- **WHAT THE TASK REQUIRES**
Start at the line with "La table de" in the records below, stop at the line with "Auf der sozialen", and return every line in that span exactly, the two end lines included.

───── DATASET CONTENT

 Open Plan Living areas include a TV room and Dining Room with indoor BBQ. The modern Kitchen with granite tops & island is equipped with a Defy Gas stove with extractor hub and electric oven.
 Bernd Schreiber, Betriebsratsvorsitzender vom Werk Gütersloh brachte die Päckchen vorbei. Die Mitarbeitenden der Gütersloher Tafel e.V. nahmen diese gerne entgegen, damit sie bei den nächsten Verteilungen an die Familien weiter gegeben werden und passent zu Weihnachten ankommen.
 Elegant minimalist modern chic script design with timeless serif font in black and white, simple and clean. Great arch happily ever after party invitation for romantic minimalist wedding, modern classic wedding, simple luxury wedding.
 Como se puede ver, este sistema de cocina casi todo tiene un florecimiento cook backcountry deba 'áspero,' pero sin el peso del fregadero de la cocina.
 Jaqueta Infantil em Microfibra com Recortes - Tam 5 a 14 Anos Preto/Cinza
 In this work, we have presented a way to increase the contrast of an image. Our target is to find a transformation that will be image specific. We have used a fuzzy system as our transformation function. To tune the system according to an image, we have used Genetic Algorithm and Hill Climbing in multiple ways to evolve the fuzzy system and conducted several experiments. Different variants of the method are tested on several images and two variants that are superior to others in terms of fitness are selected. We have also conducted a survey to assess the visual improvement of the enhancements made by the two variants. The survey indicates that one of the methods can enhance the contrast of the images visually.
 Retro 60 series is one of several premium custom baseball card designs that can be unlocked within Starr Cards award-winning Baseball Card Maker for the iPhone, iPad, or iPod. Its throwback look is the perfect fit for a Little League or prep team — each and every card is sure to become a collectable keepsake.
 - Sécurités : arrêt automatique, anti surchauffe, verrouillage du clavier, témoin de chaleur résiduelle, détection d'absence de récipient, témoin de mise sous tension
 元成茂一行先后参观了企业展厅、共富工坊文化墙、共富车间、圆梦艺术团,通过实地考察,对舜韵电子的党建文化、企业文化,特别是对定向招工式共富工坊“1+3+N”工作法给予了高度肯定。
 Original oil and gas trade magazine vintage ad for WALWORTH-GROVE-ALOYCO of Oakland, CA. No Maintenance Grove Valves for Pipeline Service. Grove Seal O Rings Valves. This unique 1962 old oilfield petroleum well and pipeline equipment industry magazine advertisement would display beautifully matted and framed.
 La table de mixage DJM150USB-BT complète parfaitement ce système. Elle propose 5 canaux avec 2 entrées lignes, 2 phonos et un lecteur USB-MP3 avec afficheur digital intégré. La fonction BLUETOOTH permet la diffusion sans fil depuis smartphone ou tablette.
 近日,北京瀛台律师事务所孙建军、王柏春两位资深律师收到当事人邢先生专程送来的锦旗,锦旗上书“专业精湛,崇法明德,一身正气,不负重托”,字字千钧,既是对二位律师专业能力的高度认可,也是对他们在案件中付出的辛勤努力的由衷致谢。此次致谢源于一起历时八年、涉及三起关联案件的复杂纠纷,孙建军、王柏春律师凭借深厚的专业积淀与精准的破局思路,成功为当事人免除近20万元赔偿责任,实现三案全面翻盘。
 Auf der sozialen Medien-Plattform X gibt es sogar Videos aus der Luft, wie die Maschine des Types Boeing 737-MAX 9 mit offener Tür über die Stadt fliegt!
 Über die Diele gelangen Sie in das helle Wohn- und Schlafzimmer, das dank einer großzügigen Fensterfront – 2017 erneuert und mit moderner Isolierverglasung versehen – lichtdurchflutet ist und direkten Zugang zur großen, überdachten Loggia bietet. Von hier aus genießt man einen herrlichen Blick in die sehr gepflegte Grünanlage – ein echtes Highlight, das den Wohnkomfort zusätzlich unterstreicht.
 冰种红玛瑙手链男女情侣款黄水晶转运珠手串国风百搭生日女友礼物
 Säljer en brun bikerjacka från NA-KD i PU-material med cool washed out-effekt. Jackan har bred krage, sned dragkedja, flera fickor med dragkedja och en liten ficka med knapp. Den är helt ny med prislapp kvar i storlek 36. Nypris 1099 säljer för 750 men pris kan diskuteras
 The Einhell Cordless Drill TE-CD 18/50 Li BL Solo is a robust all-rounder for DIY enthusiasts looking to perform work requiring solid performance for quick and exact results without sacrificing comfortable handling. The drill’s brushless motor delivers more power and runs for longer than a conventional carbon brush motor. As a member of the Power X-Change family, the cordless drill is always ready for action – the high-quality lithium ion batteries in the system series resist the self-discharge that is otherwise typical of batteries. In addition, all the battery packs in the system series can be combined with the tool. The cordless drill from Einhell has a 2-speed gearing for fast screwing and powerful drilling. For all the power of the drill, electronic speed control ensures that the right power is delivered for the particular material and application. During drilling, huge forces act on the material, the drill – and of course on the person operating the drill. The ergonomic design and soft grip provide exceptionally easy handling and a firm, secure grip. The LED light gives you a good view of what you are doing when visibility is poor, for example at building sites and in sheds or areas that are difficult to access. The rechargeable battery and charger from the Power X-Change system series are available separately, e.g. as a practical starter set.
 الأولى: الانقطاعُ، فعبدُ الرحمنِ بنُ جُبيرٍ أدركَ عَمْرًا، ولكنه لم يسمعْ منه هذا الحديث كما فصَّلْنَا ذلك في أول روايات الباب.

──────────

- **RESULT OF THIS TASK**
 La table de mixage DJM150USB-BT complète parfaitement ce système. Elle propose 5 canaux avec 2 entrées lignes, 2 phonos et un lecteur USB-MP3 avec afficheur digital intégré. La fonction BLUETOOTH permet la diffusion sans fil depuis smartphone ou tablette.
 近日,北京瀛台律师事务所孙建军、王柏春两位资深律师收到当事人邢先生专程送来的锦旗,锦旗上书“专业精湛,崇法明德,一身正气,不负重托”,字字千钧,既是对二位律师专业能力的高度认可,也是对他们在案件中付出的辛勤努力的由衷致谢。此次致谢源于一起历时八年、涉及三起关联案件的复杂纠纷,孙建军、王柏春律师凭借深厚的专业积淀与精准的破局思路,成功为当事人免除近20万元赔偿责任,实现三案全面翻盘。
 Auf der sozialen Medien-Plattform X gibt es sogar Videos aus der Luft, wie die Maschine des Types Boeing 737-MAX 9 mit offener Tür über die Stadt fliegt!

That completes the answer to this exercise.